LAION TRANSLATED: 3B CAPTIONS TRANSLATED TO ENGLISH FROM LAION5B
by: Marianna Nezhurina, Romain Beaumont, Richard Vencu and Christoph Schuhmann, 15 Sep, 2022
Author: Marianna Nezhurina Romain Beaumont Richard Vencu Christoph Schuhmann
Laion5B dataset was automatically collected from a section of the human web (common crawl). Can models generate different and interesting data compared to what humans write?
That’s a question we are interested in investigating.
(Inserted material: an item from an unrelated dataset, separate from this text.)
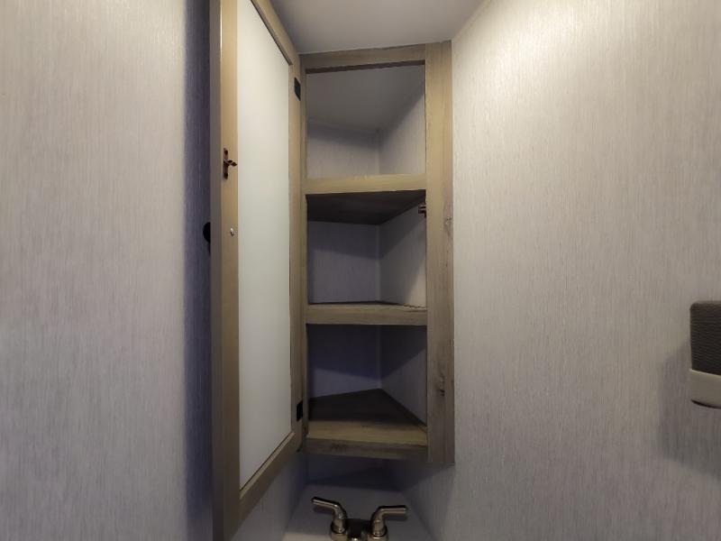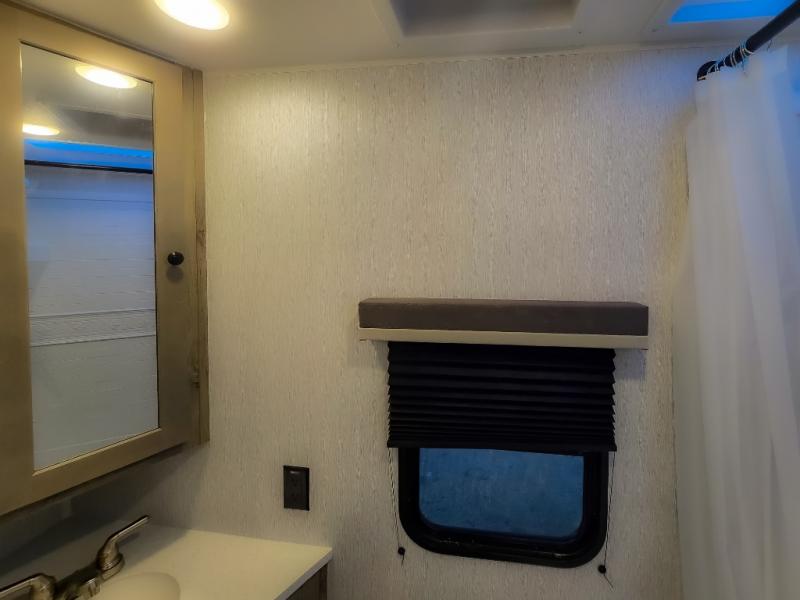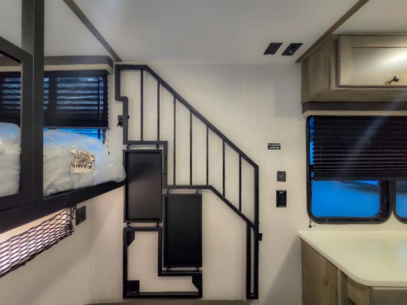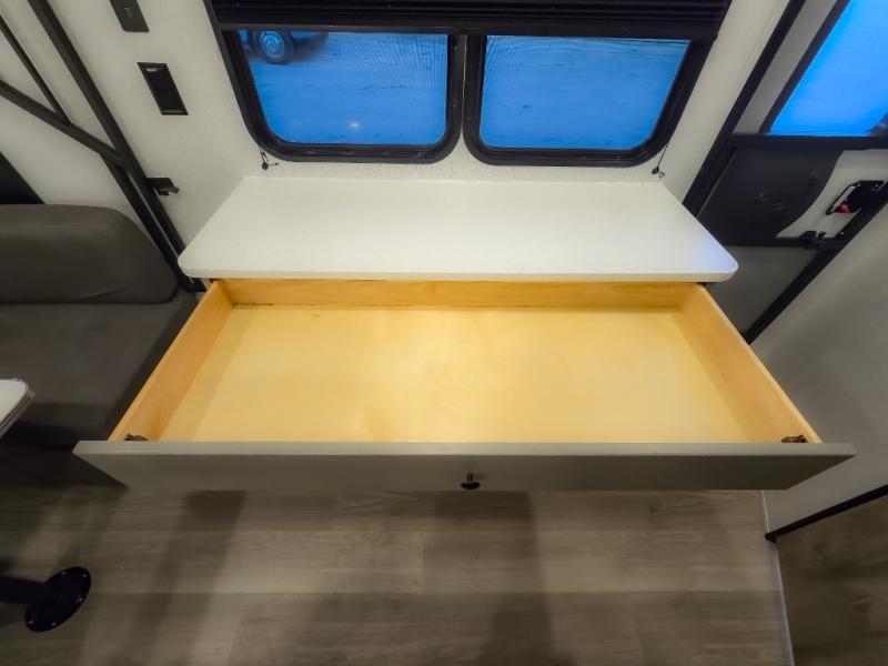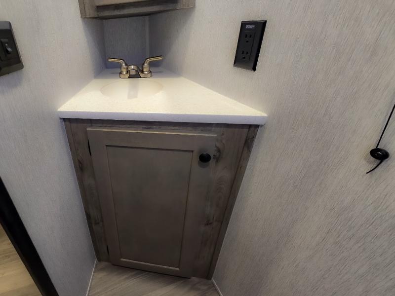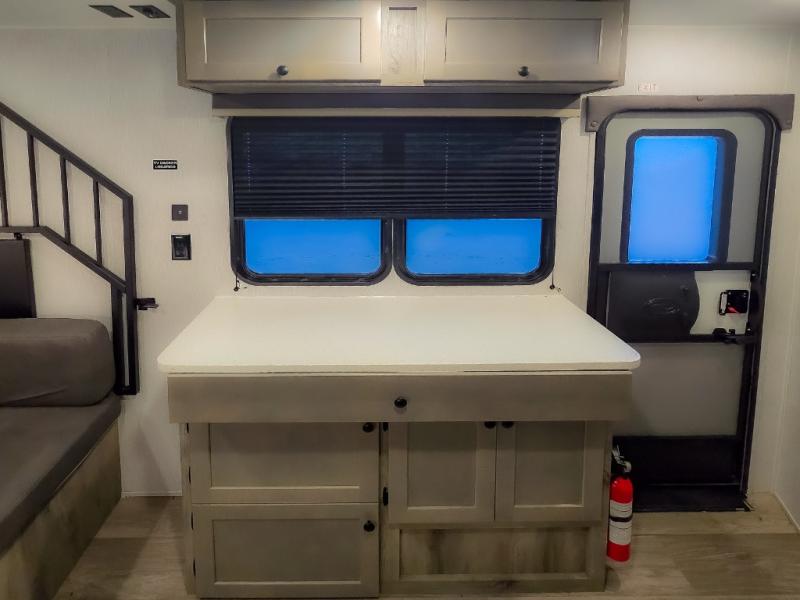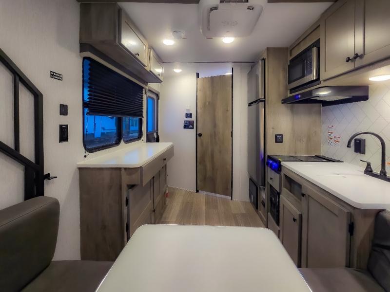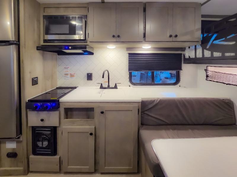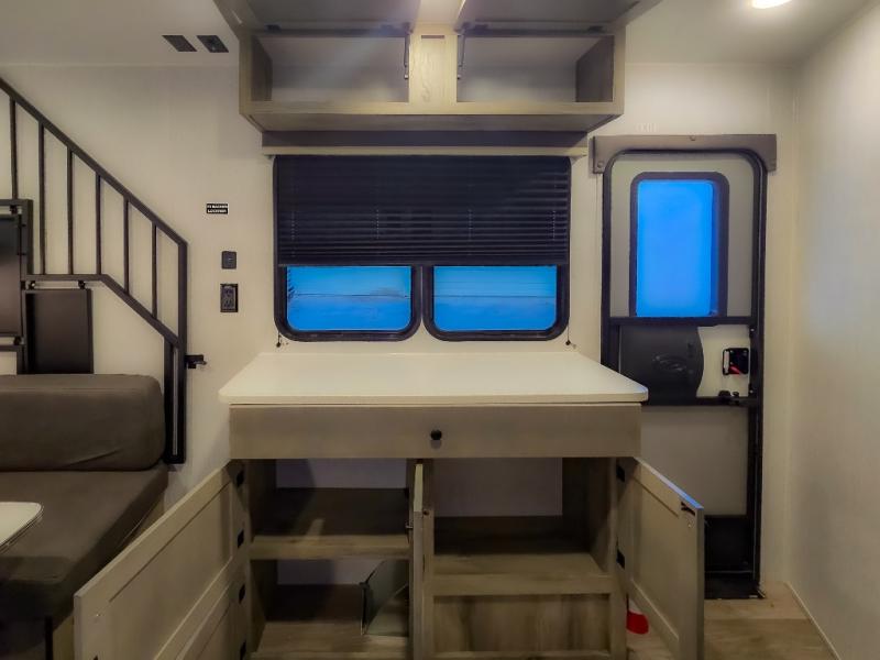 Step inside and discover a well-designed space that maximizes comfort and functionality in every corner. At the rear, you'll find a full bathroom, complete with a sink and overhead cabinet plus a 24" x 36" shower, allowing you to freshen up without relying on campground facilities. Moving to the center, the entertainment center provides a great spot to unwind, while the kitchen across the way is equipped with a 10.7 cu. ft. refrigerator, a two-burner cooktop, and ample overhead storage for your cooking essentials. Toward the front, a 41" dinette offers the perfect place to dine, relax, or plan your next adventure. Just across from it, fold-up steps lead to a cozy 48" x 74" bed, giving you a comfortable retreat to rest and recharge after a day of exploring.

To let the community study it, we translated 3B samples of Laion5B from many languages into English.
We released 3 billions captions for the multilingual part of Laion5B. This makes it possible to use the whole Laion5B dataset to train English models. This also enables training models using these aligned pairs such as Multilingual-CLIP.
We’re curious what you will do using it!
Downloading it
The dataset is available in huggingface as parquet files containing the caption, translated caption and urls.
laion1B-nolang-joined-translated-to-en
laion2B-multi-joined-translated-to-en
Processing
Every caption of the original dataset was translated with Facebook’s M2M100 1.2B model using the following script. All other fields remain the same as in the original LAION2B Multi Joined. To make translation possible the original dataset was split into parts with 50k samples in each and every such small part was translated in parallel on GPU nodes and saved in a separate parquet file. The speed of translation depends on the number of nodes and GPUs. The processing was done with 20 nodes with 8 GPUs in each and the speed of translation (including preprocessing and data loading) is 34 samples/per GPU/per second. Then, all translated parquets were merged together using Spark and saved as 128 parquet files. The resulting dataset was joined with the aesthetics scores.
Dataset columns
- TEXT (the original text of caption)
- LANGUAGE (language of the original TEXT)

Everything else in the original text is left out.